Mechanistic Determination of the Role of Aluminum in Particle Adhesiveness at High Temperatures Induced by Sodium and Potassium Using a Synthetic Ash Strategy
Genki Horiguchi, Yuta Beppu, Kentaro Yoshinaga, Hidehiro Kamiya, Yohei Okada
Abstract
Energy recovery from various fuels with high efficiency is an important objective to realize sustainable energy conversion systems. During the combustion process, ash particles are produced that can form aggregates inside of combustion plants, which inhibit stable and effective plant operation. This is a serious problem for plant operation, and the control of ash particle aggregation under high-temperature conditions is an important objective.

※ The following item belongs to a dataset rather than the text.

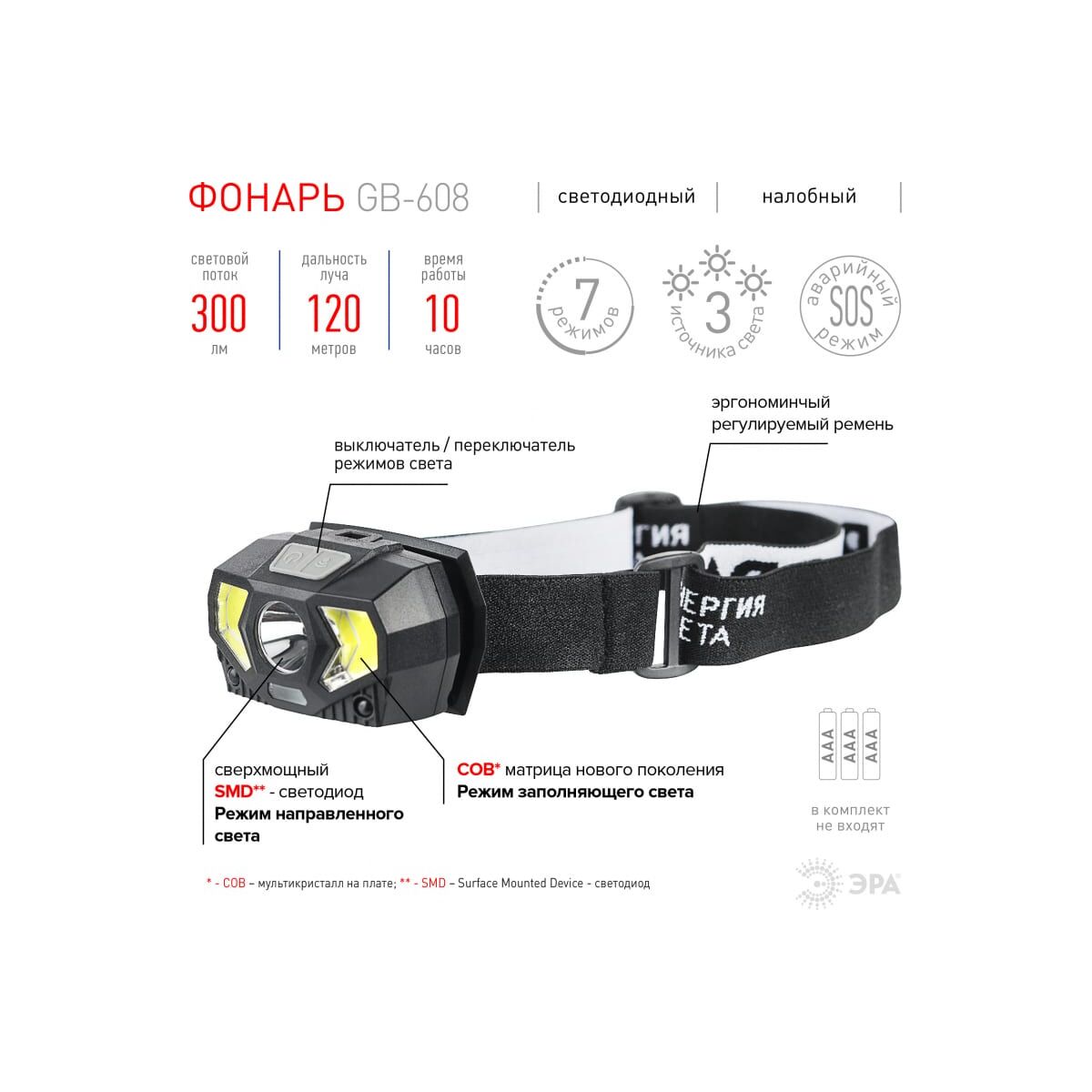 Фонарь налобный ЭРА GB-608 (Б0052319) черный
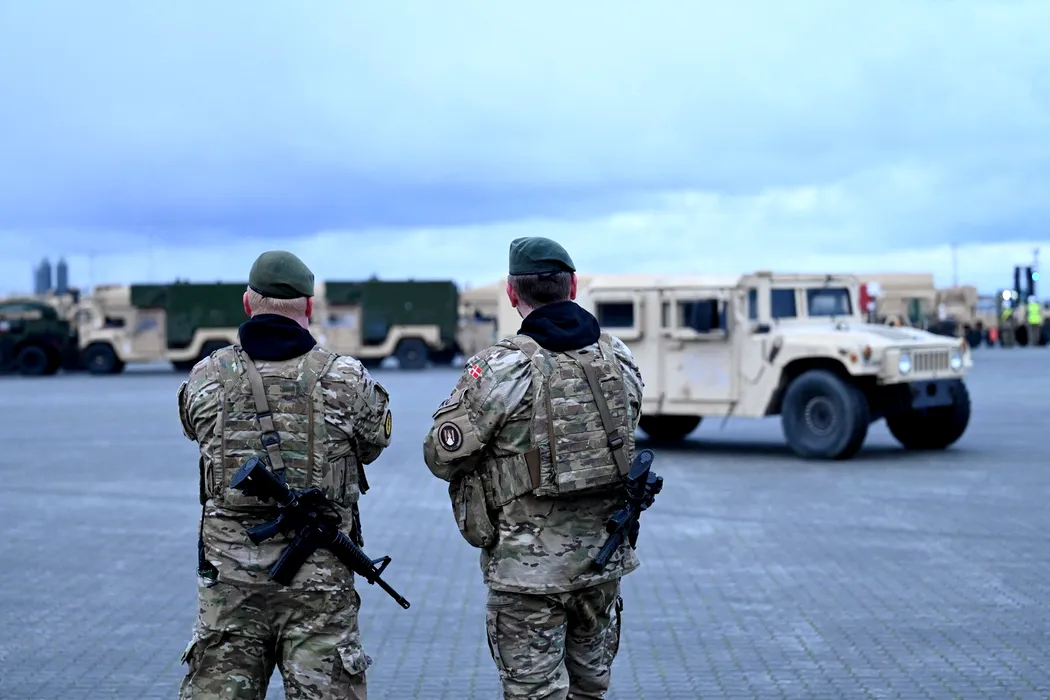 Danish soldiers patrol the area of the port of Aarhus, Denmark where military vehicles of the US army are parked, on January 16, 2023. 600 vehicles and containers belonging to the US 2nd Armored Brigade and 1st Cavalry Division will be transported to the eastern posts in Europe in accordance with planned US troop rotations. It is part of Denmark's 'Host Nation Support' to NATO.,Image: 750048885, License: Rights-managed, Restrictions: , Model Release: no

In this research, a method to effectively suppress the adhesiveness of particles at high temperatures is proposed based on a synthetic ash strategy. Synthetic ashes were prepared from a base material with sodium (Na) or potassium (K) as target elements to induce adhesiveness. The base material included both silicon (Si) and aluminum (Al). The tensile strengths of powder beds of the prepared synthetic ash with various alkali concentrations were measured at high temperatures, by which it was confirmed that Na could induce higher adhesiveness than K at low alkali concentrations. This difference was ascribed to the presence of Al. The role of Al in particle adhesiveness was clarified by control of the Al concentration through the addition of aluminum oxide (Al2O3) nanoparticles, and the ratio of alkali to Al (Na/Al or K/Al) had an effect on particle adhesiveness at high temperatures, that is, the particle adhesiveness could be suppressed by a decrease of these ratios.